An interesting result shown in our study was that two experienced observers (the radiologist and the most experienced thoracic surgeon) measured the minimum tumor diameter more frequently than the other observers. This was possibly because they may have more strictly discriminated the adjacent blood vessels and bronchi from the tumor, and excluded the secondary change such as atelectasis, inflammatory change, and other density. Furthermore, one of the moderately experienced thoracic surgeons recorded maximum diameters more frequently than the other observers, suggesting that a large judgement bias may occur due to the characteristics of the physician measuring the tumor. The less-experienced thoracic surgeon and surgical resident performed relatively average measurements in relation to the other observers.
This study has some limitations. The patient numbers were small, and the observers were mainly thoracic surgeons, with only one radiologist included because the study had been planned by the division of thoracic surgery. However, thoracic surgeons routinely perform tumor diameter measurements of lung cancer using CT images, and also contrast the CT images with post-operative pathological findings, and this may have influenced the reliability of this study. Another limitation is that, since only the axial image was used to measure the tumor diameter in this study, it was impossible to confirm its accuracy from the measured maximum diameter of the tumor in the pathological specimen. However, the purpose of this study was to assess inter-observer variability within the radiological measurement, and we consider that we could accurately assess the variability through unifying the measurement methods.

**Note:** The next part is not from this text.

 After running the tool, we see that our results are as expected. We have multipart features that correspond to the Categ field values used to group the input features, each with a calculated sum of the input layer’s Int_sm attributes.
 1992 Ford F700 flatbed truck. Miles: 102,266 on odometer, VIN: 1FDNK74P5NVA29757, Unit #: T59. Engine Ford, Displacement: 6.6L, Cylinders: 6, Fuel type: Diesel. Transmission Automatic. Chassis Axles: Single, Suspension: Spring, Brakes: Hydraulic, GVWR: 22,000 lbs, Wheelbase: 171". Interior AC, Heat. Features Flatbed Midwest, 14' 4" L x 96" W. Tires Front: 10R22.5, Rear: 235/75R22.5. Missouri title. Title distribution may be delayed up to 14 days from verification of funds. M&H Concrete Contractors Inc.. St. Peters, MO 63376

Inter-observer size measurement variability of the solid component in part-solid lung adenocarcinoma was greater than those of the total size. Moreover, greater variability was shown in group I, indicating the difficulty of size measurement for low-grade malignant potential nodules such as adenocarcinoma in situ, minimally invasive adenocarcinoma, and early-stage invasive adenocarcinoma. It is important to recognize that there is a possibility of unavoidable size measurement variability when making decisions concerning surgical procedures for these diseases.

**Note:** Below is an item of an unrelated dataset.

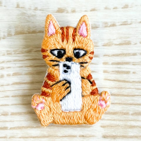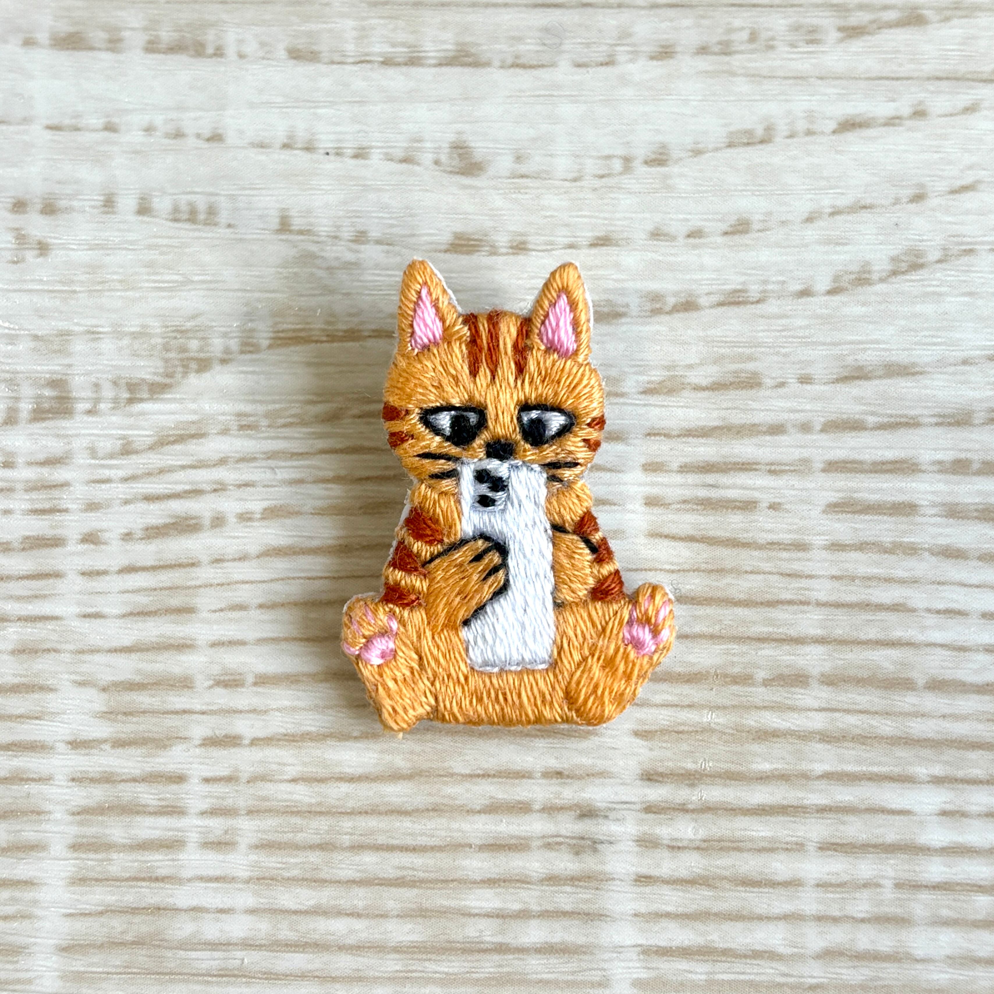 刺繍ブローチ【スマホに夢中な猫】1.5cmピン

Conflicts of Interest: The authors have no conflicts of interest to declare.
Ethical Statement: The authors are accountable for all aspects of the work in ensuring that questions related to the accuracy or integrity of any part of the work are appropriately investigated and resolved. This study was approved by institutional ethics board of Shinshu University Hospital, Matsumoto, Japan (No. 3395), and the requirement for patient informed consent was waived.